TASK STATEMENT → Return only the lines below starting at the line containing "Laat je moeder" and ending at the line containing "- Shopify payments", both included, exactly as they are and with no pictures.
((
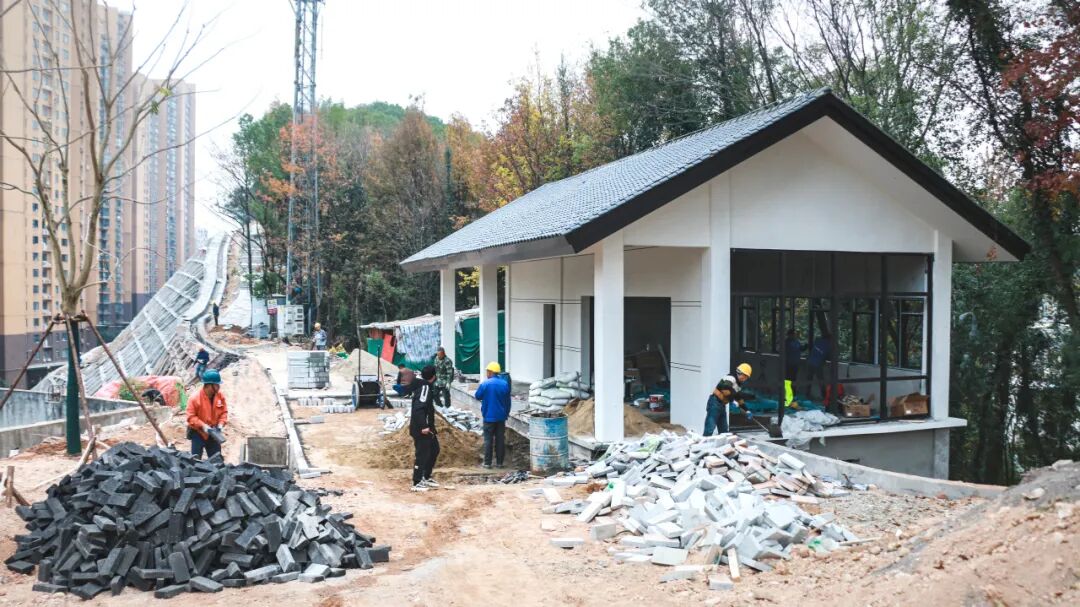公园东入口的广场旁,一座2层的游客驿站拔地而起,8名工人正在进行室内装修。沿着桂林北路公园东入口的步道前行,在大屋湾附近转公园车行道,来到扬子馥园小区附近再转步道,直至步行到百事威小区二期附近的西入口,这一路上的步道表面都铺上了石板。
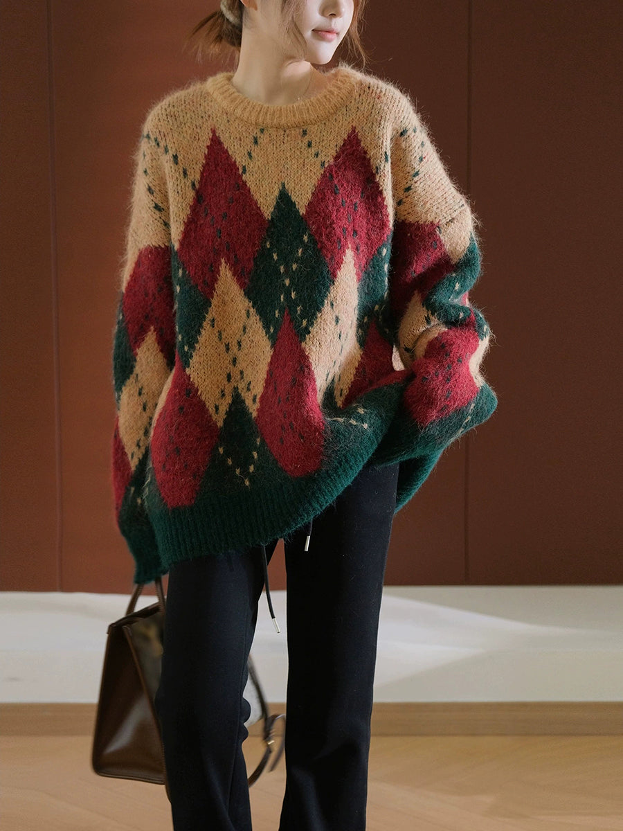Women Autumn Retro Rhomboids Knitted O-Neck Sweater
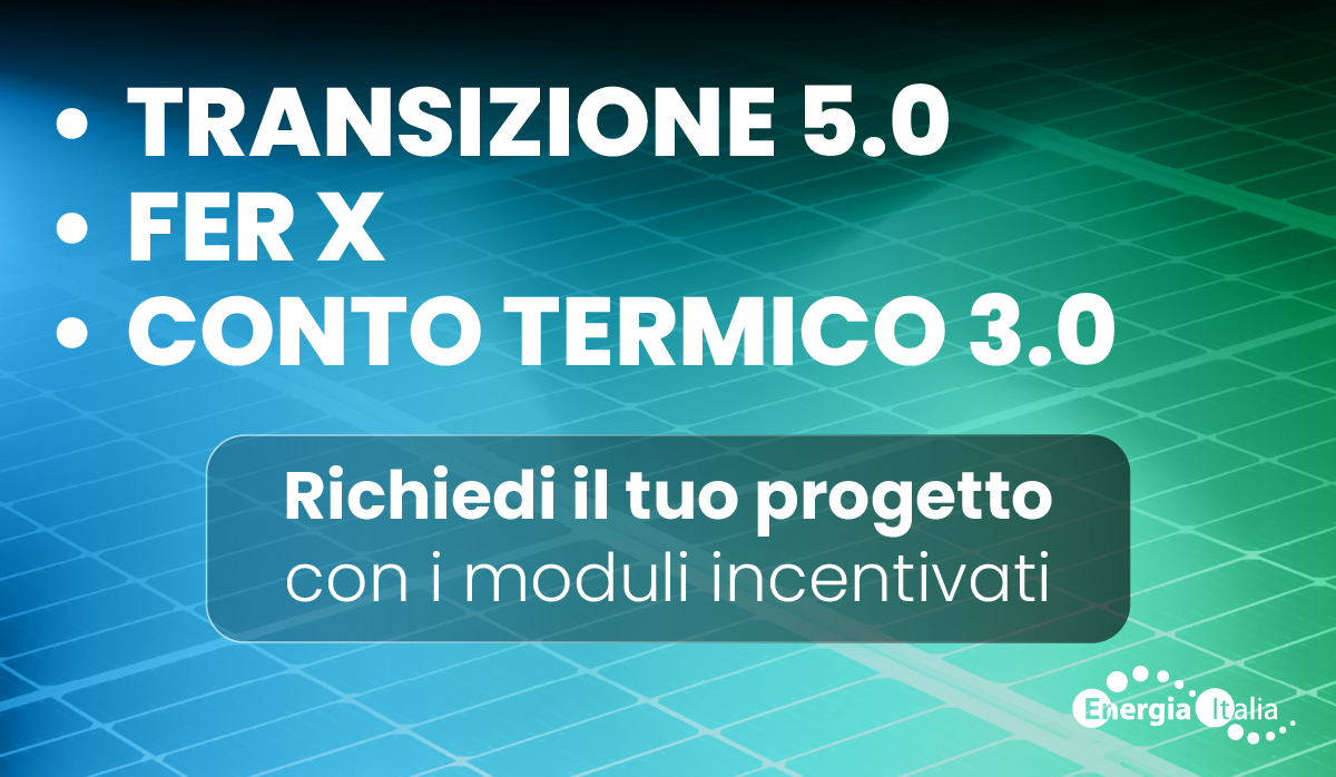 Domande frequenti sulla Transizione 5.0Chi può accedere agli incentivi del Piano Transizione 5.0?Possono accedere tutte le imprese residenti in Italia che investono in tecnologie digitali e sostenibili, finalizzate alla riduzione dei consumi energetici. Quanto vale il credito d’imposta?Il credito d’imposta varia dal 35% al 45% in base al livello di efficientamento raggiunto rispetto ai consumi energetici precedenti. Quali moduli fotovoltaici sono ammessi all’incentivo?Sono ammessi solo moduli europei certificati. Energia Italia propone moduli idonei dei marchi 3Sun e Bisol. Serve una certificazione per accedere al beneficio?Sì, è necessario presentare documentazione tecnica che attesti la riduzione dei consumi e la conformità dei moduli fotovoltaici alle specifiche richieste. |
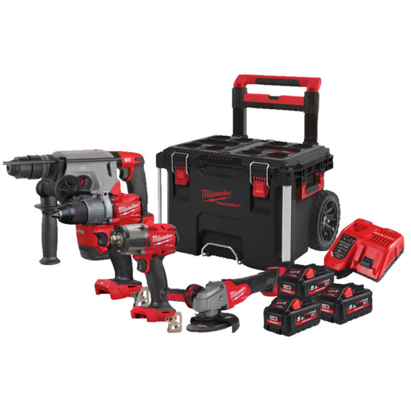 M18 fpp4a2-553p - kit trapano avvitatore + tassellatore + avvitatore + smerigliatrice + packout - 3 batterie 5,5ah - milwaukee
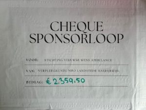 Dertien derdejaars studenten van de opleiding Verpleegkunde van de Landstede MBO uit Harderwijk hebben met een sponsorloop het prachtige bedrag van 2359,50 euro opgehaald voor de Veluwse Wens Ambulance. De studenten hebben de actie met elkaar bedacht. Ze hebben rondjes gelopen (in de regen) en allerlei artikelen verkocht. Op donderdag 4 april is de cheque door de studenten overhandigd.
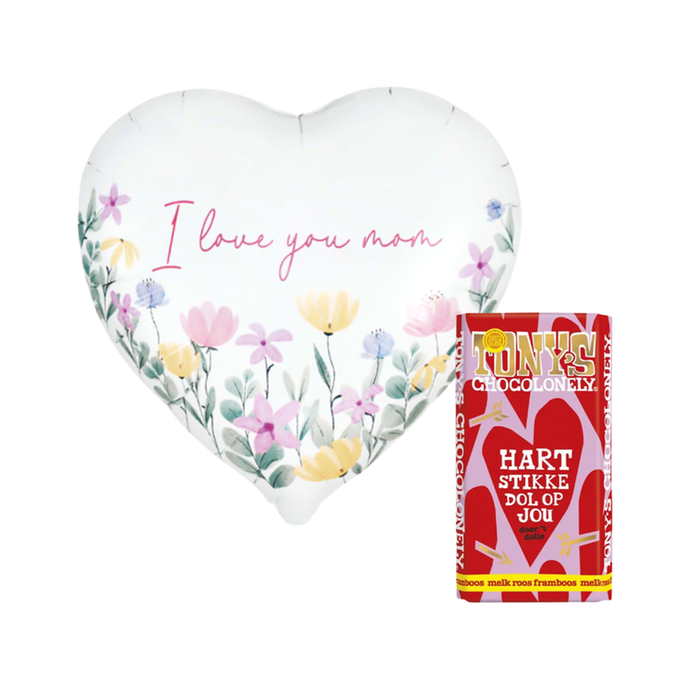 Laat je moeder weten hoeveel je van haar houdt met deze Love mom | Ballon & Tony's Chocolonely set. Een perfecte combinatie van een liefdevol gebaar en iets lekkers om van te genieten.
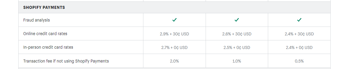 - Shopify payments (wysokość stawki, im wyższy plan, tym niższa stawka prowizji do zapłacenia)
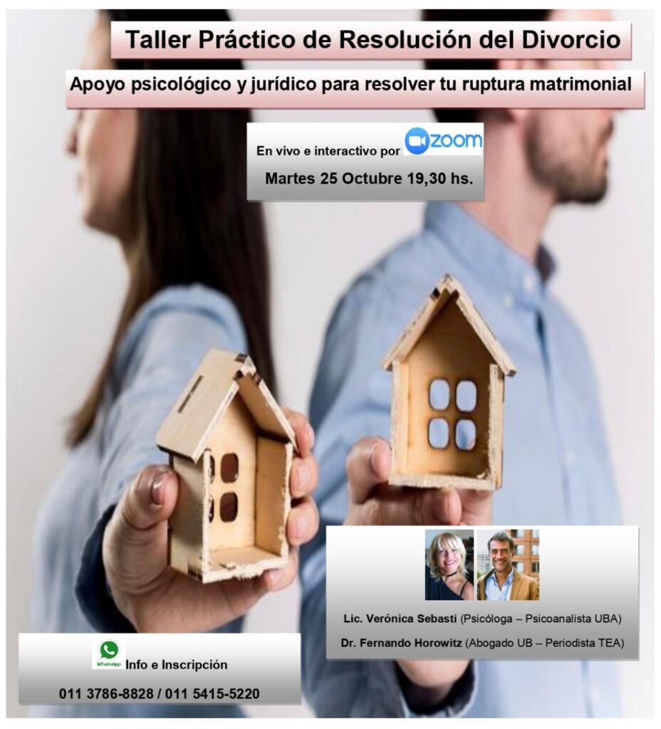 La disolución de pareja causa angustia y depresión. También genera conflictos legales por alimentos, distribución de bienes y manutención de hijos. El Taller Práctico de Resolución del Divorcio se realizará el martes 25 de Octubre a las 19,30 horas en vivo online por la plataforma Zoom donde mujeres y hombres de toda la Argentina recibirán apoyo psicológico y jurídico para resolver su ruptura matrimonial.
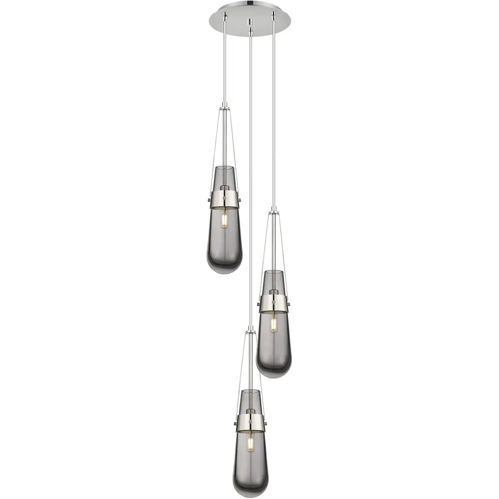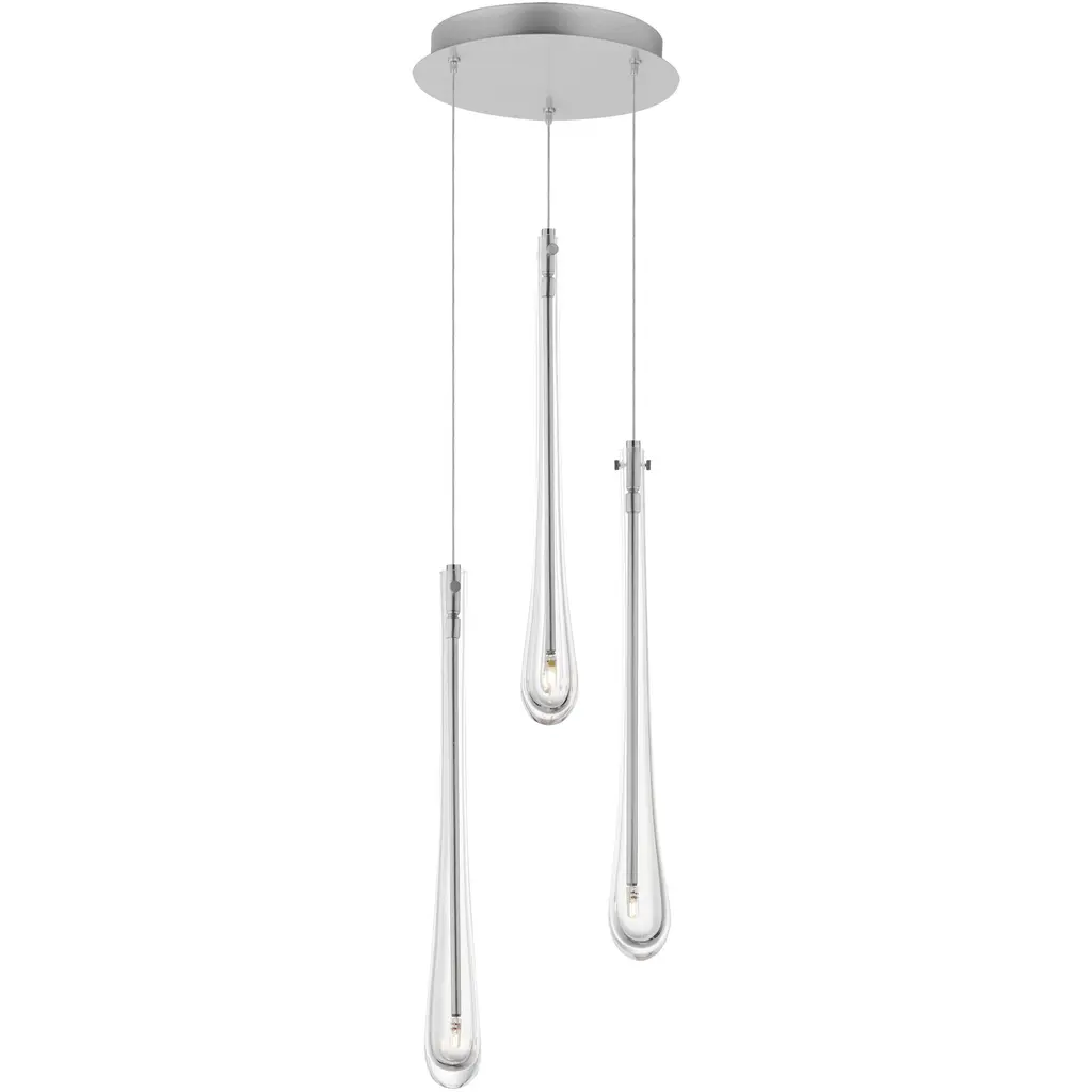 The classic teardrop glass shade is elevated in a luxurious collection of pendant configurations using substantially dense glass that are hand blown in elongated forms and curated into various color combinations. Suspended within the long, slender glass is a similarly long and slender socket to illuminate an energy efficient LED G4 lamp at the base of the glass. The slender tube running within the glass also supports the glass with elegantly flat thumb screws in coordinating finishes. Choose from Matte Black metal with Mirror Smoked glass for a moodier ambience, crystal Clear glass that accentuates the thickness of the glass walls paired with transitional Satin Nickel metalwork, or celebrate the design with effervescent Bubble glass and plated Gold metalwork.
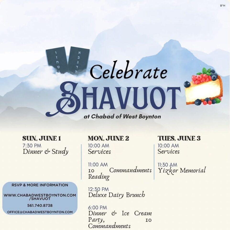 Join us for a meaningful and joyful Shavuot filled with inspiration, tradition, and delicious dairy delights! Sunday, June 1🕢 7:30 PM – Dinner & Study Monday, June 2🕙 10:00 AM – Services🕚 11:00 AM – Reading of the 10 Commandments🧀 12:30 PM – Deluxe Dairy Brunch🍦 6:00 PM – Dinner & Ice Cream Party + 10 Commandments Tuesday, June 3🕙 10:00 AM – Services🕦 11:30 AM – Yizkor Memorial 📍Chabad of West Boynton📞 561.740.8738🌐 www.chabadwestboynton.com/shavuot📧 office@chabadwestboynton.com Bring your family, invite your friends, and let’s celebrate the giving of the Torah together! ✨
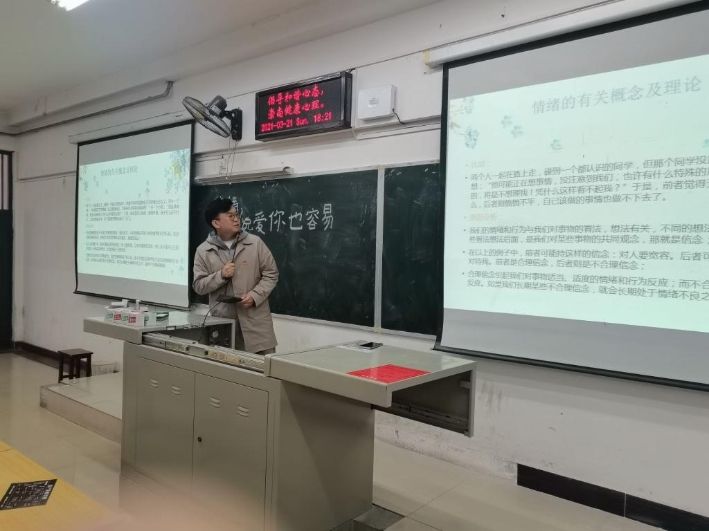 为增强员工心理健康素质,营造和谐融洽的校园氛围,3月21日晚18:15,BB贝博艾弗森官网于5302和5304教室举行了主题为“情绪,想说爱你也容易”的心理团课。活动由心理部和思政部联合举办,20级全部员工参与了团课。
))
RESULT OF THE TASK →
 Laat je moeder weten hoeveel je van haar houdt met deze Love mom | Ballon & Tony's Chocolonely set. Een perfecte combinatie van een liefdevol gebaar en iets lekkers om van te genieten.
 - Shopify payments (wysokość stawki, im wyższy plan, tym niższa stawka prowizji do zapłacenia)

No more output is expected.